In February 1995, defendant provided an accrual accounting, to which plaintiff submitted numerous objections. After motion practice, Justice Miller, in a short-form order, found plaintiffs objections to be "either in error or de minimis" and "frequently not in accord with Generally Accepted Accounting Principles" and concluded that it was "time this dispute was put to bed." In a separate short-form order, Justice Miller denied the appointment of a Referee and ordered defendants to pay plaintiff $14,927, plus interest. Plaintiff appeals and we reverse.
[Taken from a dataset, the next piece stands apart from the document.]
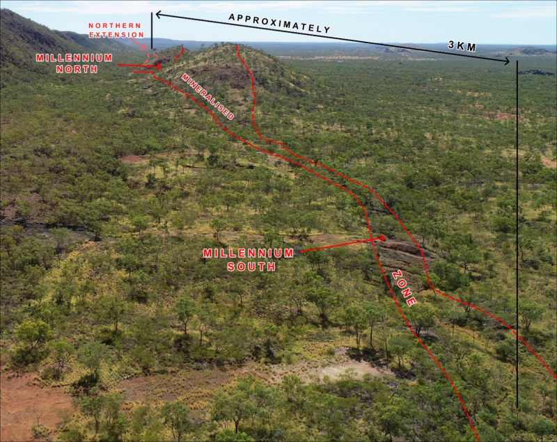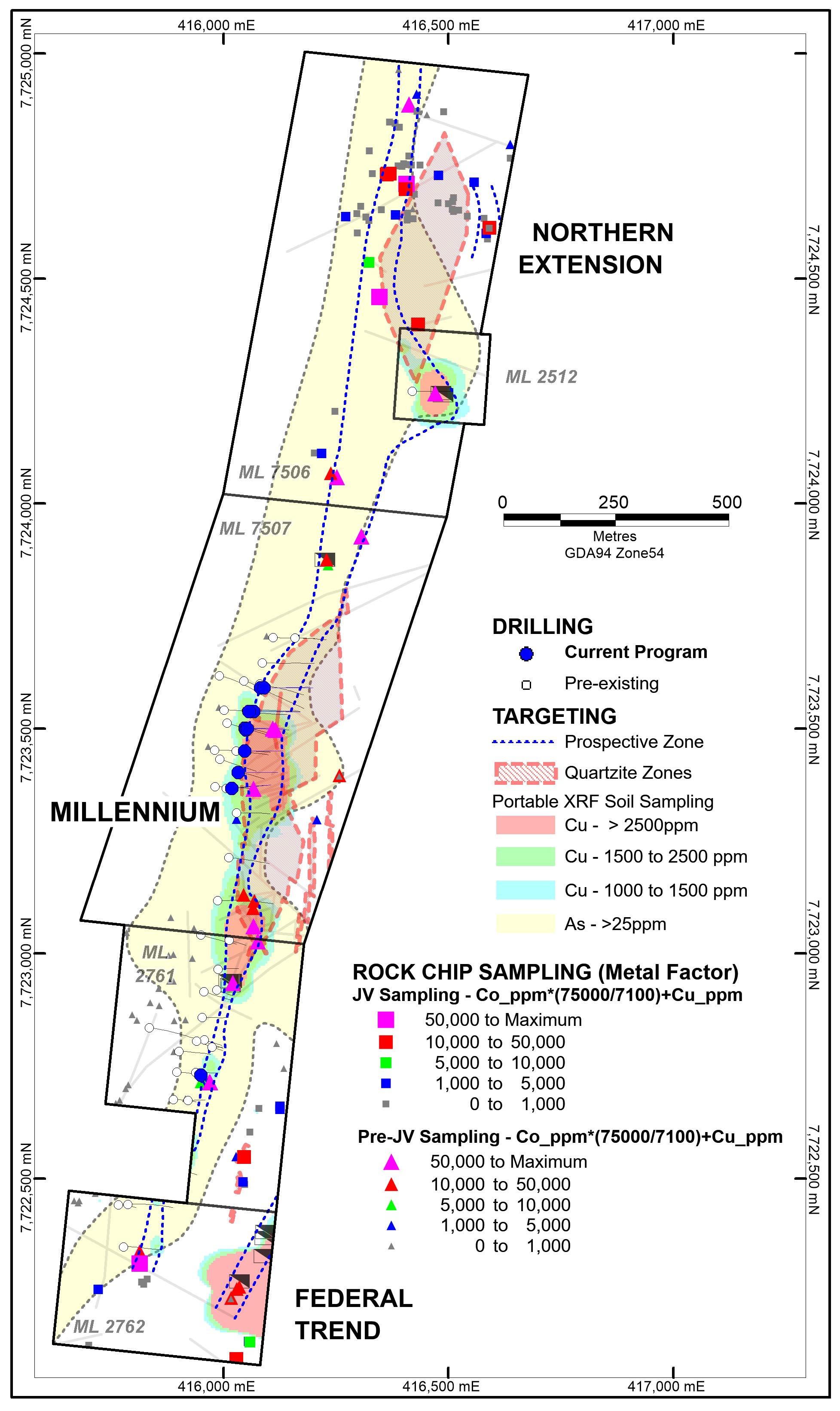 Rock chip sampling has been conducted to test for additional zones of cobalt and copper mineralisation along the Millennium trend and in particular the northern strike extension (“Northern Extension”) where similar host rock units and strong soil geochemical anomalies are located. This zone is located approximately 1 kilometre north of the current Millennium resource as defined.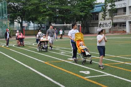 運動会の全体練習に参加し、入場行進の練習をしています。

Initially, the IAS Court erred when it, without a hearing, summarily accepted the accounting filed by the defendants despite the numerous issues of fact raised by plaintiff, which warranted an opportunity to present evidence to establish the parties' respective rights (Abelow v Grossman, 230 AD2d 693; Kaminsky v Kahn, 23 AD2d 231, 241; see also, Berkovits v Hanley, 40 AD2d 921, 922). Indeed, whether plaintiffs share was properly determined pursuant to the application of generally accepted accounting principles in itself raises questions of fact requiring a hearing (Kocan v Ismach, 196 AD2d 740; Teich v Andersen & Co., 24 AD2d 749).
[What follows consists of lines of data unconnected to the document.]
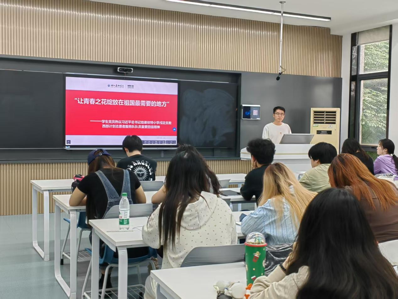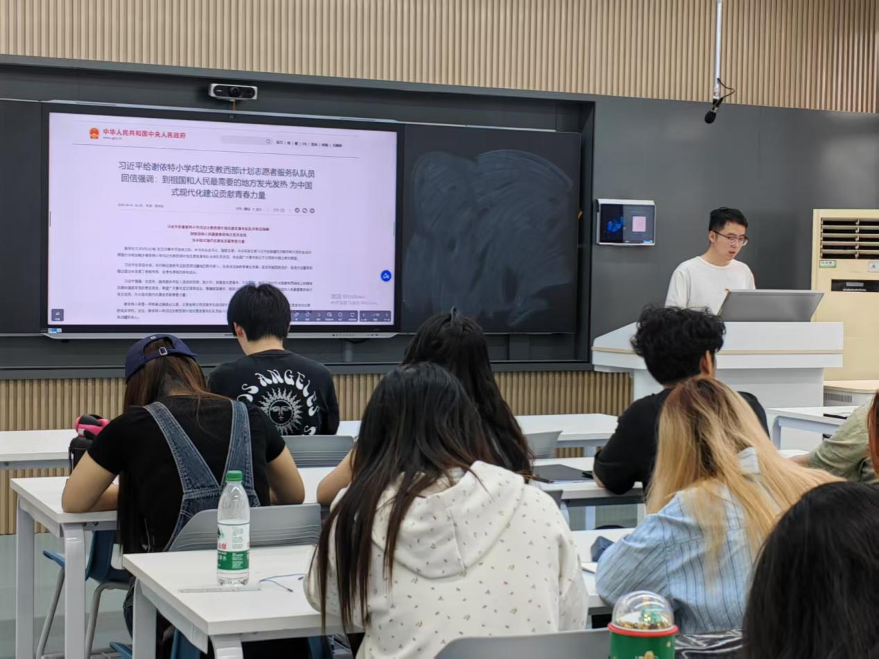 工业设计学院学生第一党支部书记李洋组织学生逐字逐句学习习近平总书记回信内容。回信中“希望广大青年坚定理想信念,厚植家国情怀,练就过硬本领,发扬奋斗精神,到祖国和人民最需要的地方发光发热,为中国式现代化建设贡献青春力量”的殷切嘱托,成为大家热议的核心。李洋在领学时表示:“总书记的回信是对新时代青年的青春命题。学院学子要用专业服务乡村振兴,用创意点亮基层发展。”随后,师生共同观看谢依特小学新闻纪实,了解在西部计划志愿者的带领下所发生的变化,一张张笑脸,拉进志愿者与当地孩子的距离,李洋从政策解读、典型事迹、政策保障、报名流程等方面对西部计划做了详细介绍,鼓励同学们去西部成就梦想。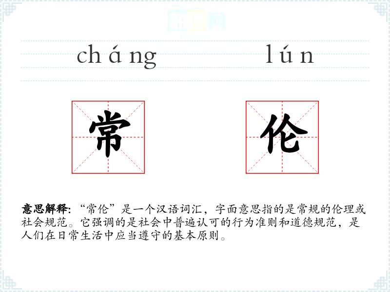 “常伦”是一个汉语词汇,字面意思指的是常规的伦理或社会规范。它强调的是社会中普遍认可的行为准则和道德规范,是人们在日常生活中应当遵守的基本原则。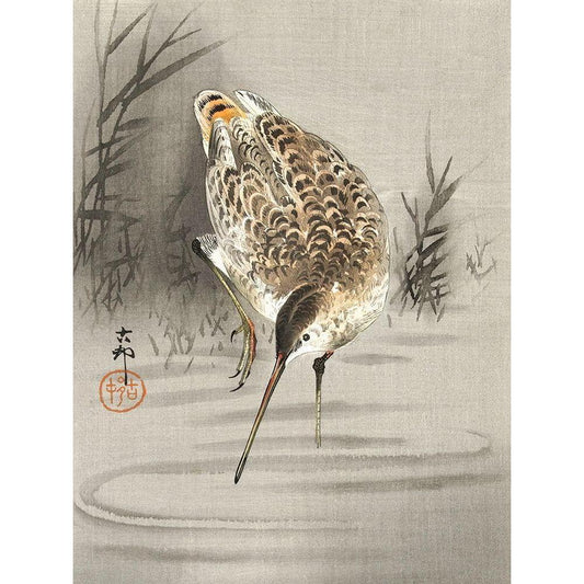 Snipe in the water Black Modern Wood Framed Art Print by Koson, Ohara

Further, plaintiffs most substantial objection, that defendants did not account for contingency fees, raises a meritorious claim. In Shandell v Katz (217 AD2d 472, 473), we adopted the rule followed in the other departments in New York "that absent an agreement to the contrary, pending contingency fee cases of a dissolved partnership are assets subject to distribution" (see, Dwyer v Nicholson, 193 AD2d 70, 73; DelCasino v Koeppel, 207 AD2d 374). In the matter at bar, there is no agreement to the contrary and there are 293 contingency cases, which will almost certainly lead to additional objections. In addition, a recent Court of Appeals ruling found that the "goodwill" of a law firm is also subject to valuation as a distributable asset after dissolution in certain cases (see, Dawson v White & Case, 88 NY2d 666). Concur—Murphy, P. J., Milonas, Williams, Tom and Andrias, JJ.